Everything in this system is Markdown, YAML, or shell. No databases, no web applications, no generated frameworks. If you cannot read it in a text editor, it does not belong.

This is partly philosophical (small tools, durable formats) and partly practical: plain text survives everything. It works with git. It works with grep. It works with AI agents — an agent that can read a brief, produce an artifact, and stop at a decision boundary is actually useful. An agent that needs a running database and a web server to understand the project state is not.

The system must remain small. If it cannot be understood in one sitting, it has grown wrong. That sentence is the last line of the manifesto, and it is also the hardest constraint to maintain. The temptation is always to add one more entity type, one more validation rule, one more export format. The discipline is to stop when the system does what it needs to do and no more.

What it does not do

It does not manage tasks. It does not schedule work. It does not generate code. It does not replace an engine, a design tool, or a research notebook. It is the layer underneath those things — the structural description that tells you what the project is before you decide how to build it.
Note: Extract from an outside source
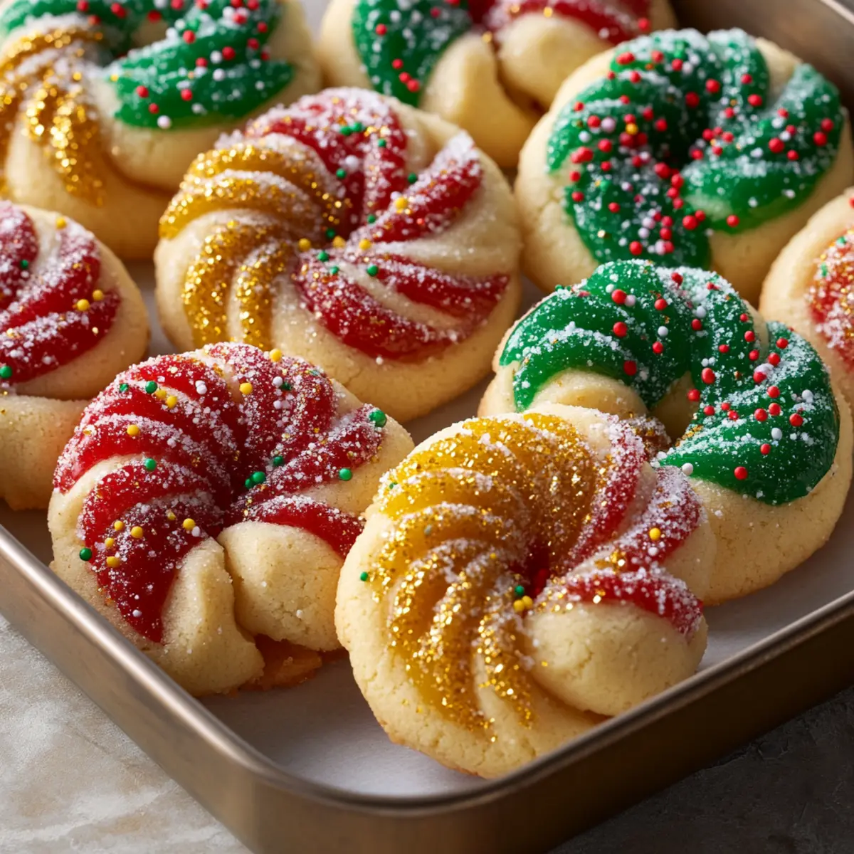 As I mixed the fragrant aroma of almond and citrus filled my kitchen, I couldn’t help but smile at the thought of the holidays ahead. These Twisted Christmas Cookies quickly became my go-to recipe for festive gatherings, loved for their buttery, melt-in-your-mouth texture and the delightful surprise of zesty icing. Not only are these cookies a joyful addition to any holiday table, but they’re also perfect for gifting to friends and family. With minimal prep time and endless decorative possibilities, you’re sure to impress guests and create new traditions. Are you ready to sweeten your celebrations with these irresistible holiday delights? Why Are These Cookies So Irresistible? Unique Flavors: The delightful combination of almond and citrus brings a festive twist, making these cookies stand out from traditional recipes. Fun to Decorate: Let your creativity shine with vibrant gel food colors and toppings like edible glitter or crushed candy canes for a delightful presentation! Quick & Easy: With minimal prep time, you can whip up a batch of these cookies and have more time for holiday festivities with loved ones. Perfect for Gifting: These treats are not just delicious; they make for beautiful gifts when arranged on a decorative platter or in themed tins. Check out our Brown Butler Cookies for another fantastic holiday treat that pairs beautifully with these cookies! Twisted Christmas Cookies Ingredients Get ready to bake up some holiday magic with these delightful treats! For the Cookie Dough White Sugar – Provides sweetness; no substitutions necessary. Butter (14 oz / 400g, softened) – Adds richness and tenderness; use unsalted for better flavor control. Eggs (2) – Acts as a binder for structure; substitute with flax eggs for a vegan version. Vanilla Extract (2 tsp) – Enhances sweetness and depth; can be replaced with maple extract for a different twist. Almond Extract (1 tsp) – Imparts that nostalgic holiday flavor; omit for a nut-free version. Orange Zest (from 1 orange, optional) – Adds a vibrant brightness; substitute with lemon zest for a zesty change. Plain Flour (6 cups) – Forms the cookie’s structure; consider using a gluten-free flour blend for a gluten-free option. For the Icing Meringue Powder (6 tbsp) – Essential for icing stability; replace with powdered egg whites if you can’t find it. Water (8 tbsp) – Use to thin icing to desired consistency; feel free to adjust as needed. Lemon Juice (2 tsp) – Adds a tangy touch to icing; use vinegar as a substitute if you’re out. Powdered Sugar (7 cups, sifted) – Sweetens and provides icing structure; ensure it’s sifted for a smooth finish. For Decoration Gel Food Coloring (red, green, gold, white) – Perfect for vibrant cookies; consider using natural coloring alternatives for a healthier option. Sprinkles, Edible Glitter, or Crushed Candy Canes – Optional toppings to personalize your cookies; let your creativity flow! Step‑by‑Step Instructions for Twisted Christmas Cookies Step 1: Preheat and Prepare Begin by preheating your oven to 350°F (175°C). While it heats, line your baking sheets with parchment paper to prevent sticking. This step is crucial for these Twisted Christmas Cookies, ensuring they bake evenly and maintain their delightful shape. Set the lined sheets aside as you prepare the cookie dough. Step 2: Cream Butter and Sugar In a large mixing bowl, combine the softened butter and white sugar. Using a hand mixer or stand mixer, cream them together on medium speed until the mixture becomes light and fluffy, about 3-4 minutes. This process incorporates air, leading to a tender cookie. Once fluffy, add in the eggs, vanilla extract, almond extract, and orange zest, mixing until the batter is smooth and well combined. Step 3: Mix in the Flour Gradually add the flour to the creamed mixture, stirring gently until just combined. If the dough feels too sticky, you can incorporate a little extra flour until you achieve the right consistency. The final dough should be soft but manageable. This step is vital for the texture of your Twisted Christmas Cookies, ensuring they hold their shape when cut and baked. Step 4: Roll Out the Dough On a lightly floured surface, roll the dough to a thickness of about ¼ inch. Use cookie cutters to cut out festive shapes, placing them on the prepared baking sheets. Ensure there’s some space between each cookie, as they will expand slightly while baking. Chill the cookies in the refrigerator for 10-15 minutes, allowing them to firm up for a better baking outcome. Step 5: Bake the Cookies Once chilled, place the baking sheets in the preheated oven and bake for 10-12 minutes. Keep an eye on the edges; they should turn just golden while the centers remain slightly soft. This stage is critical in achieving that melt-in-your-mouth quality. Once baked, remove the sheets from the oven and let the cookies cool on the pan for a few minutes before transferring them to a wire rack to cool completely. Step 6: Prepare the Icing To make the icing, whisk together the meringue powder, lemon juice, and water in a medium bowl until well combined. Gradually mix in the sifted powdered sugar until the mixture is glossy and reaches the desired spreading consistency. This icing will beautifully decorate your Twisted Christmas Cookies, adding an extra festive touch. Step 7: Decorate the Cookies Divide the icing into separate bowls and add gel food coloring to each for vibrant hues. Once the cookies are completely cool, use a spatula or piping bag to spread or pipe the icing onto each cookie. Add sprinkles, edible glitter, or crushed candy canes on top for a delightful finish. Allow the icing to set fully before serving or packaging the cookies as gifts. Expert Tips for Twisted Christmas Cookies Dough Consistency: If your dough is too sticky, gradually incorporate additional flour until it’s manageable; chill between batches for easier handling. Butter Temperature: Avoid overly so

It also does not enforce anything automatically, at least not yet. The constraints are documented expectations. The validation catches structural errors, not creative ones. The gate system is a convention, not a compiler. The discipline is manual and intentional.

This is a feature, not a missing feature. Automated enforcement is appropriate for mature systems. For a creative workflow, the act of manually following the loop — writing the brief, recording the decision, updating the bag — is itself the creative practice. The process is the product.